Here I propose a new, simple method to make this comparison in two population samples that is based on comparing the variance explained in each sample by the eigenvectors of its own covariance matrix with that explained by the covariance matrix eigenvectors of the other sample. The rationale of this procedure is that the matrix eigenvectors of two similar samples would explain similar amounts of variance in the two samples. I use computer simulation and morphological covariance matrices from the two morphs in a marine snail hybrid zone to show how the proposed procedure can be used to measure the contribution of the matrices orientation and shape to the overall differentiation.

Of particular import is the claimed results and conclusions:

Results I show how this procedure can detect even modest differences between matrices calculated with moderately sized samples, and how it can be used as the basis for more detailed analyses of the nature of these differences.

Conclusions The new procedure constitutes a useful resource for the comparison of covariance matrices. It could fill the gap between procedures resulting in a single, overall measure of differentiation, and analytical methods based on multiple model comparison not providing such a measure.

And further comments from the available full text:

In the present work I propose a new, simple and distribution-free procedure for the exploration of differences between covariance matrices that, in addition to providing a single and continuously varying measure of matrix differentiation, makes it possible to analyse this measure in terms of the contributions of differences in matrix orientation and shape. I use both computer simulation and P matrices corresponding to snail morphological measures to compare this procedure with some widely used alternatives.

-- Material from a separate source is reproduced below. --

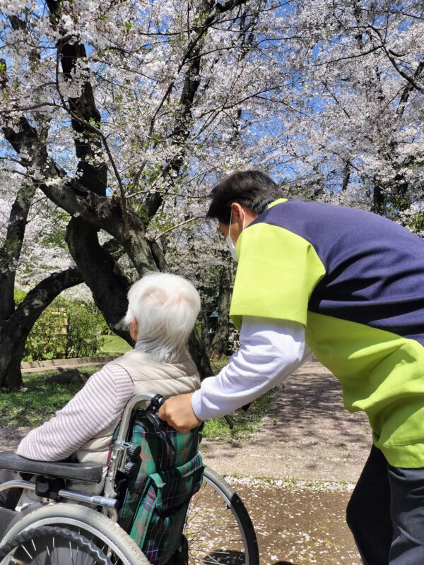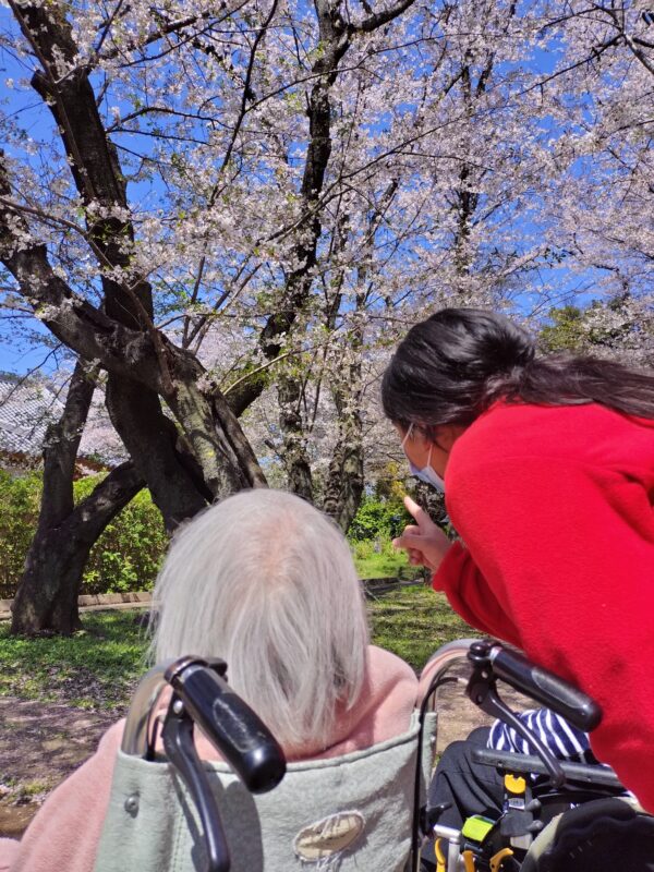 お天気にも恵まれ、美しく咲き誇る桜が広がり、穏やかな春のひとときを過ごすことができました。職員が付き添いながらゆっくりと散策し、皆さま景色を楽しまれていました。

I show that the new procedure has power similar or better than that of the simpler methods, and how it can be used as the basis for more detailed analyses of the nature of the found differences.

If other methods prove less impressive, you may which to further investigate the above for the comparison of rank correlation matrices performing your own simulation testing.